WORK INSTRUCTIONS :: Your answer should hold only the lines from the start of the data below through the line with "Photo 6.2.2 Children", copied exactly, with pictures left out.

- - - -

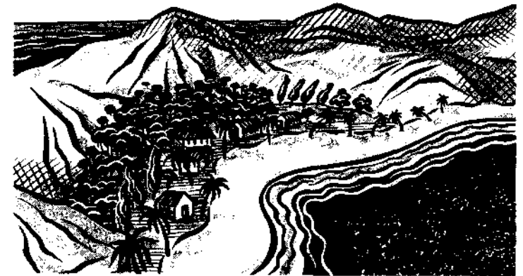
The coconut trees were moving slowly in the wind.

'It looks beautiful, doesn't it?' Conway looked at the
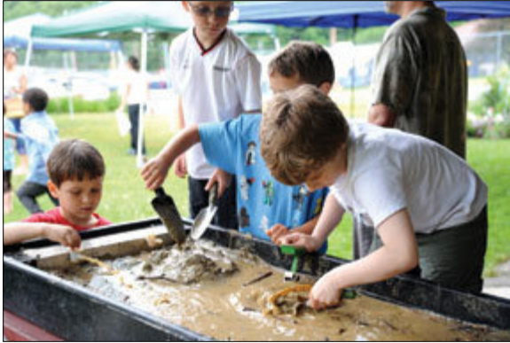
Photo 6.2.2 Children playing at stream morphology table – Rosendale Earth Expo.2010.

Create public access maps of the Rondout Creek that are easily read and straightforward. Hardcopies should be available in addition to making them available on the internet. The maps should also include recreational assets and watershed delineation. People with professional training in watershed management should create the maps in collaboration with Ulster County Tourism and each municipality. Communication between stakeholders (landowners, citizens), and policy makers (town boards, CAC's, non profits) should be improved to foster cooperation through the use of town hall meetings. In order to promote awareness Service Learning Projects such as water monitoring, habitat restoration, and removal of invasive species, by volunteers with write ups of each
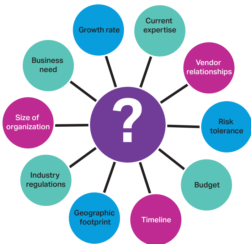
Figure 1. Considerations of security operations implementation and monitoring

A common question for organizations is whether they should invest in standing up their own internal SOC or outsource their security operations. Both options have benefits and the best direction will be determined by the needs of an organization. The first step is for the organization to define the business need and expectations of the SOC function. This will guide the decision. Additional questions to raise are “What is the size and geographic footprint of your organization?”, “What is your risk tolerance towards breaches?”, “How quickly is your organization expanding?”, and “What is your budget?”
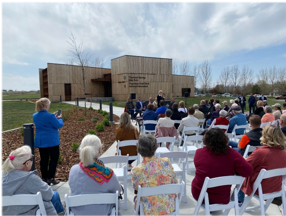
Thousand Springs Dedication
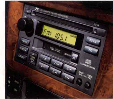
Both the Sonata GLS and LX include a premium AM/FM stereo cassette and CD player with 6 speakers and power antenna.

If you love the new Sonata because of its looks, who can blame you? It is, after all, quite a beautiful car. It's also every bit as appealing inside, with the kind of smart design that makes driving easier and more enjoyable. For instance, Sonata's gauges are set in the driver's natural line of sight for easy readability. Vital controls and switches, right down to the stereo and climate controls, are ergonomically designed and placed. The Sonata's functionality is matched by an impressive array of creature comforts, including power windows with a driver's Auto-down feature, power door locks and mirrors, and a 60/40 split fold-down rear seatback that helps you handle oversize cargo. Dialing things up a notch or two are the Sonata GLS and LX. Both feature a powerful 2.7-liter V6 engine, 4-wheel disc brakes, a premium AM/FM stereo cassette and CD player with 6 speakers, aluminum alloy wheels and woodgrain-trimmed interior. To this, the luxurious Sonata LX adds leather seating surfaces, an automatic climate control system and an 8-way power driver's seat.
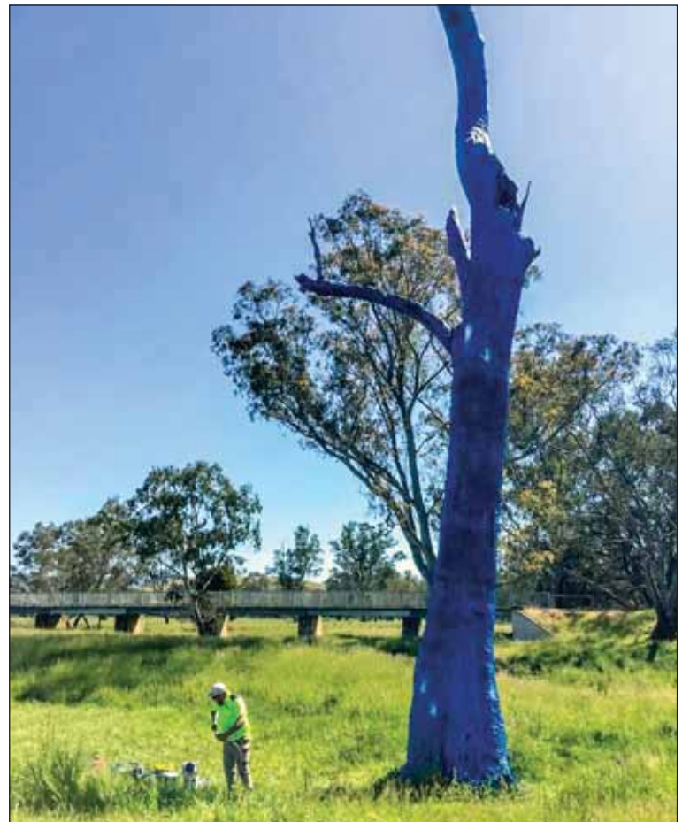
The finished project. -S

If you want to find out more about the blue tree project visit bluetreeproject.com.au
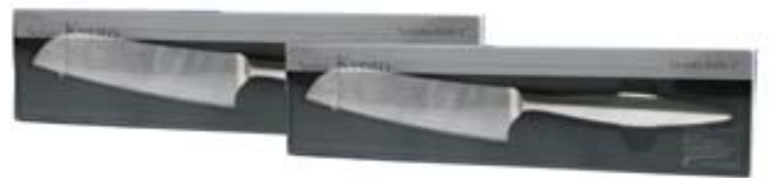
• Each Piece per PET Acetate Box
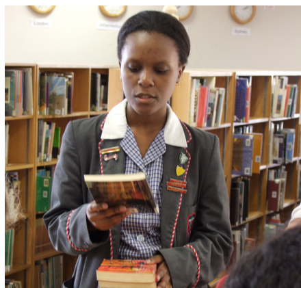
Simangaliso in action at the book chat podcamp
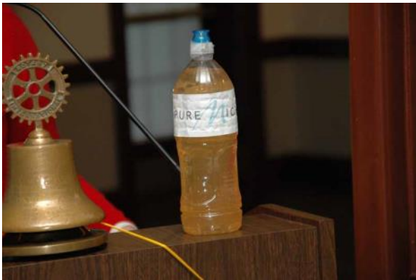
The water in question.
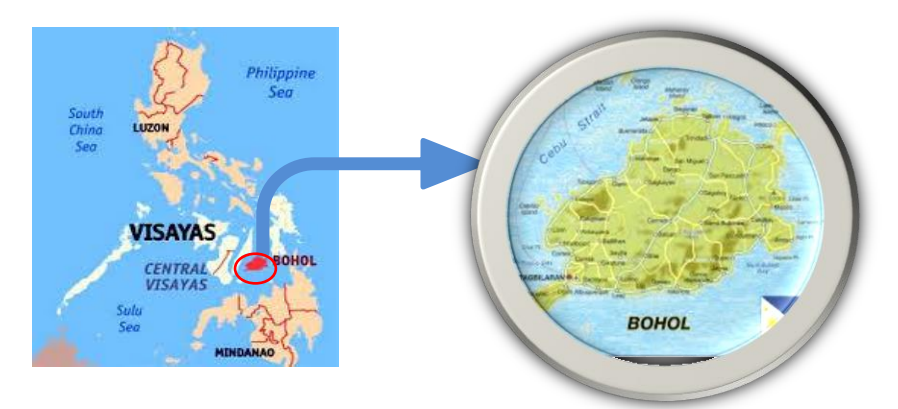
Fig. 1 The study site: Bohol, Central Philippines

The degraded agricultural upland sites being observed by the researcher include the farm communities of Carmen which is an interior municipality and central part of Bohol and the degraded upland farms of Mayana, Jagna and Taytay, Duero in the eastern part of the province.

- - - -

TASK OUTPUT ::
The coconut trees were moving slowly in the wind.

'It looks beautiful, doesn't it?' Conway looked at the
Photo 6.2.2 Children playing at stream morphology table – Rosendale Earth Expo.2010.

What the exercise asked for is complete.